EXERCISE REQUIREMENTS >> Return every line below as is, leaving out the pictures.

DATA >>
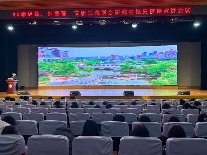 为帮助2025级研究生新生深入了解学校发展历程,增强对学校的认同感和归属感,11月4日晚上,文学与新闻传播学院、经济与管理学院、外国语学院于金盆岭校区五教大礼堂联合举办校史校情专题讲座。全体研究生新生参加本次活动,讲座由香港六宝合典资料大全研究生宣讲团成员主讲。
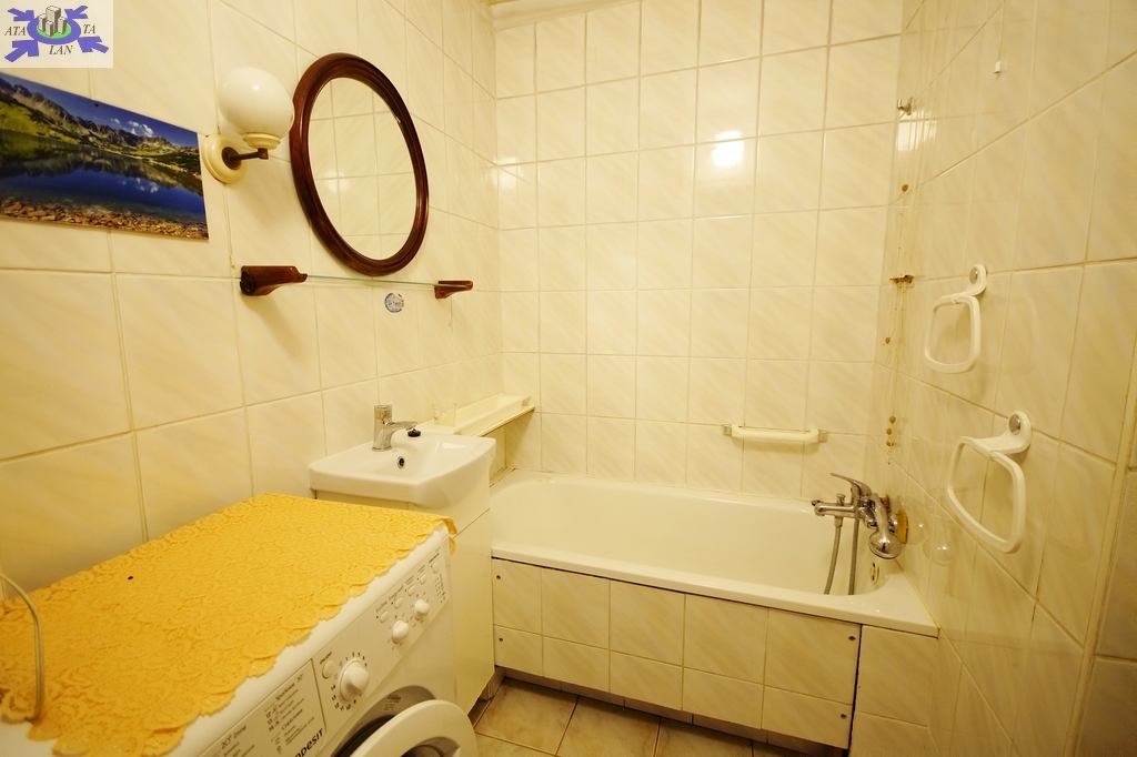 - Łazienka - 3 m2 z wanną, pralką, umywalką i WC
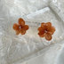no.234 再販 ブリックオレンジの紫陽花ピアス 本物のお花 オレンジ アジサイ パール ステンレス ピアス
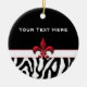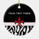 Personnalisez cet ornement rouge noir de Zebra Fleur de Lis pour n'importe quelle occasion ou cadeau. L'ornement comporte un symbole rouge de Fleur de Lis en métal de faux sur un noir, un rouge, et une conception de motif de zèbre.
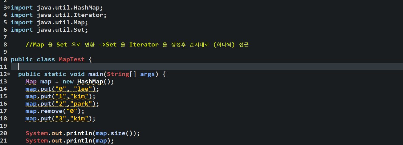 import 해준다 map 은 List 와 Set의 add로 입력하는것과 다르게 put 으로 입력을 해준다

PROBLEM SOLUTION >>
 为帮助2025级研究生新生深入了解学校发展历程,增强对学校的认同感和归属感,11月4日晚上,文学与新闻传播学院、经济与管理学院、外国语学院于金盆岭校区五教大礼堂联合举办校史校情专题讲座。全体研究生新生参加本次活动,讲座由香港六宝合典资料大全研究生宣讲团成员主讲。
 - Łazienka - 3 m2 z wanną, pralką, umywalką i WC
no.234 再販 ブリックオレンジの紫陽花ピアス 本物のお花 オレンジ アジサイ パール ステンレス ピアス
 Personnalisez cet ornement rouge noir de Zebra Fleur de Lis pour n'importe quelle occasion ou cadeau. L'ornement comporte un symbole rouge de Fleur de Lis en métal de faux sur un noir, un rouge, et une conception de motif de zèbre.
 import 해준다 map 은 List 와 Set의 add로 입력하는것과 다르게 put 으로 입력을 해준다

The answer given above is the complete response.